GBP struggling to keep pace against the EUR this week, currently hovering around 1.1450. Yesterday raised concerns after a number of pension funds find that the government’s plan lacked investment opportunities and also expressed their concern of the risk sentiment when it came to sectors. Markets were quick to react, speculating that liquidity will be allocated overseas and the GBP/EUR broke the resistant levels of 1.15.
Yesterday afternoon Federal Reserve chairman Jerome Powell expressed his view on US economy and monetary actions. Hearing Powell talking positive about the economy’s growth rate and that it’s dealt with higher interest rates better than anticipated. He was somehow more careful when it came to forward guidance and said that the Federal Reserve currently is waiting to see the effects of the latest rate hikes and we should see further evidence in near future.

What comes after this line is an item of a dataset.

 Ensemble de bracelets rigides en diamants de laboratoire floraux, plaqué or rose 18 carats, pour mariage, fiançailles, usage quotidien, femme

He was hopeful that inflation should keep on coming down but could not tell whether interest rates has reached it’s peak or when a potential pivot (cut) on rates will occur.

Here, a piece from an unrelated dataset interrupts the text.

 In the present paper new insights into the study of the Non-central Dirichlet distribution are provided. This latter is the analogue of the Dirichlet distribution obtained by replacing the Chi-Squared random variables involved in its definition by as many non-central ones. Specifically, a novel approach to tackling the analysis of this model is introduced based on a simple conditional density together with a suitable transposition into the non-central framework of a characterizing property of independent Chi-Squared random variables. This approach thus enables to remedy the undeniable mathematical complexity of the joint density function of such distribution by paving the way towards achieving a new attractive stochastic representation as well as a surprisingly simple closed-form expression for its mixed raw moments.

This morning we saw poor figures for both UK retail sales and consumer confidence. Squeezing GBP against both the USD and EUR. A combination of economic releases earlier in the week, showing that inflation figures for September are more ‘stubborn’ and did not decline as BoE had hope for after endless interest rate hikes. While average earnings did not increase like the last few months, we can see signs of an underperforming economy in the UK. Leading on towards Bank of England’s next interest rate decision, putting pressure on what path they will take. To force further pressure on economic activity and consumers or tackle inflation levels. As it stands right now, the likelihood of a further rate hike is less likely and a pause of rates to assess the future is more likely to expect from Bank of England.